What you return should be every line below, word for word, and none of the images.
*** Recorded data ***
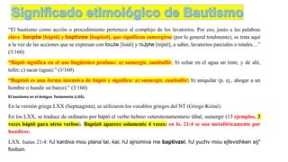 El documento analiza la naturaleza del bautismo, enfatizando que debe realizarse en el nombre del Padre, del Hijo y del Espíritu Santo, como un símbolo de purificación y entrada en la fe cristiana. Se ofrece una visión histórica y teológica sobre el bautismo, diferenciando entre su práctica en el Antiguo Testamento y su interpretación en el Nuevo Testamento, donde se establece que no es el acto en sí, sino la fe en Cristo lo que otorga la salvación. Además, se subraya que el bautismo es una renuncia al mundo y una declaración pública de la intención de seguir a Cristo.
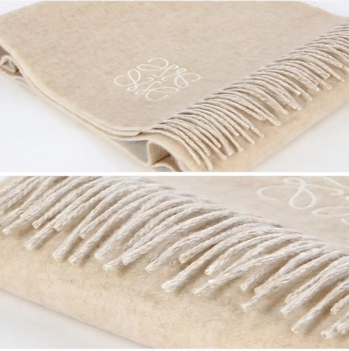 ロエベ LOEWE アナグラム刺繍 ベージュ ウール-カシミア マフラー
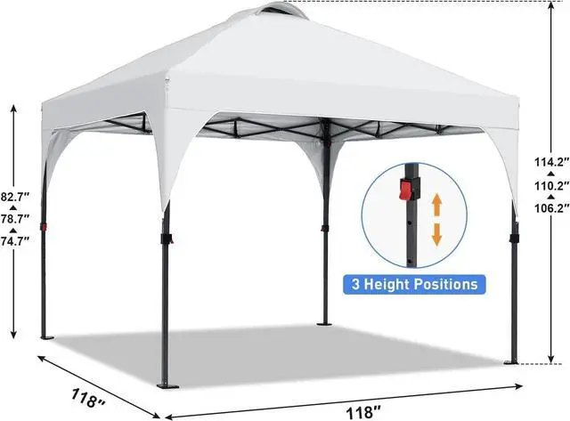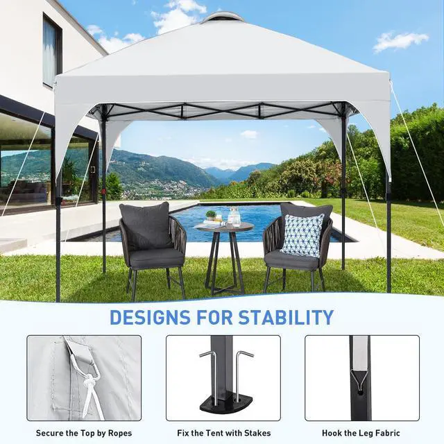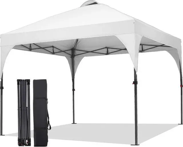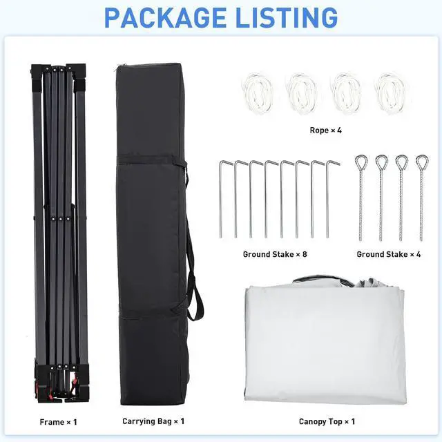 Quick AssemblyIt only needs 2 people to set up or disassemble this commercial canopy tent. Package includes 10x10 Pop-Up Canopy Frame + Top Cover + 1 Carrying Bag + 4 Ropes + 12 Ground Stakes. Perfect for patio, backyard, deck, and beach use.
*** End of Recorded data ***
== Result ==
 El documento analiza la naturaleza del bautismo, enfatizando que debe realizarse en el nombre del Padre, del Hijo y del Espíritu Santo, como un símbolo de purificación y entrada en la fe cristiana. Se ofrece una visión histórica y teológica sobre el bautismo, diferenciando entre su práctica en el Antiguo Testamento y su interpretación en el Nuevo Testamento, donde se establece que no es el acto en sí, sino la fe en Cristo lo que otorga la salvación. Además, se subraya que el bautismo es una renuncia al mundo y una declaración pública de la intención de seguir a Cristo.
 ロエベ LOEWE アナグラム刺繍 ベージュ ウール-カシミア マフラー
 Quick AssemblyIt only needs 2 people to set up or disassemble this commercial canopy tent. Package includes 10x10 Pop-Up Canopy Frame + Top Cover + 1 Carrying Bag + 4 Ropes + 12 Ground Stakes. Perfect for patio, backyard, deck, and beach use.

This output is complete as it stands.